The Mutual Blessings of Umuganda
by Guest Writer Lama Mugabo
In my late teens, I was awarded a unique opportunity to broaden my horizons. I was awarded the United Nations High Commission for Refugees Scholarship to attend the Lester B. Pearson College of the Pacific (now known as Pearson College: UWC), outside Victoria, British Columbia. The college is named after the late Canadian Prime Minister Lester B. Pearson, who won the Nobel Peace Prize in 1968. Pearson brilliantly posited: “How can there be peace without people understanding each other, and how can this be if they don’t know each other?”
Every year, a new cohort of one hundred students, ten percent of whom come from Canadian provinces and territories, arrives on campus to study for two years. The college creates an environment for all two hundred students to live, study, and thrive together. When I was there, we received the gift of rigorous academic training, and we were given plenty of opportunities to volunteer in the community.
There, I discovered the value of giving back to the community and the joy of seeing the responses in the faces of those we served. Whether it was the children we worked with at the local YMCA on Wednesdays or the seniors with whom we interacted on Friday afternoons, they told us that we brought joy into their hearts. As for us, we gained considerable satisfaction from listening to their stories and learning from their experiences.
In 1994, my country, Rwanda, made breaking news. In only one hundred days, more than a million innocent lives were slaughtered for no other reason than they had been born Tutsis. I was devastated. While many Rwandan Canadians returned to the region to help rebuild the country after the genocide, I chose to stay behind and raise awareness about the causes of the genocide, the impact it had on my people, and what Rwandans were doing to heal their society.
1994, Rwanda had hit rock bottom. Rwandans vowed that they would do whatever they could to rebuild their society by turning their adversity into opportunities. When I returned to Rwanda in 2008, I was pleasantly surprised to see the level of volunteerism and the energy Rwandans put into rebuilding their society.
On the last Saturday of every month, Rwandans devote the morning to the traditional practice of Umuganda, ‘coming together in common purpose to achieve an outcome’. Village by village, neighbours spend time in cleaning their environment and talking about key development issues. Community development discussions range from the value of universal healthcare to community policing, family planning, the importance of girls’ education, and many other relevant topics. The government buys construction materials, individuals contribute labor, and the people build schools, roads, bridges, and health centres. Through Umuganda, residents are engaged and they rejoice when they see the results of their collective labor. The monthly community service nurtures social cohesion. Rwanda demonstrated that less-developed nations don’t need to wait for foreign aid to begin the task of fighting poverty and rebuilding community.

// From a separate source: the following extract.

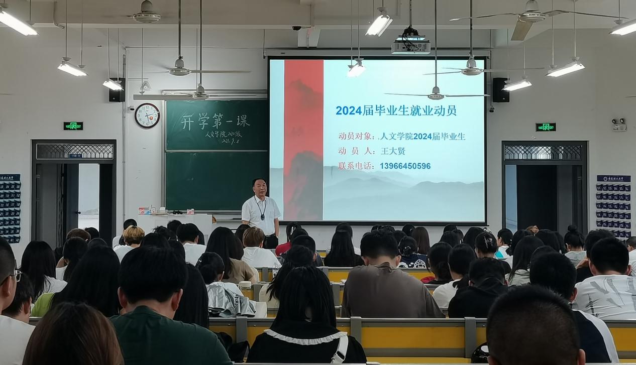 为推进学院就业、考研工作,9月8日下午,人文学院在明理202教室召2024届毕业生就业、考研动员大会。学院党委书记王大贤、院长方胜、教师代表李佳鹏、毕业班辅导员、研究生支教团优秀学生代表陈悦以及200余名毕业生参会。会议由学院院长方胜主持。

As a member of the African diaspora in Vancouver, I continue to witness the remarkable devotion people show in volunteering to build back our local community, whether by coming to the Nora Hendrix Place Garden to grow vegetables and cook healthy meals, or by nourishing our souls by sharing stories.
I once asked one of our elder volunteers why she gave. She paused to think for a moment and then replied, “Over the years I learned to give, not because I have much, but because I know exactly how it feels to have nothing”.
We give to bring joy, to express and build community, or because we know for ourselves what it is like to have extreme needs. We give because we are called to give, and often we are given back even more than we have given.
“There is the one who [generously] scatters [abroad], and yet increases all the more; And there is the one who withholds what is justly due, but it results only in want and poverty.” Proverbs 11:24 Amplified
Blessings,
Lama
Lama Mugabo,founder and Ex Director of Building Bridges with Rwanda and a member of the Hogan Alley Society.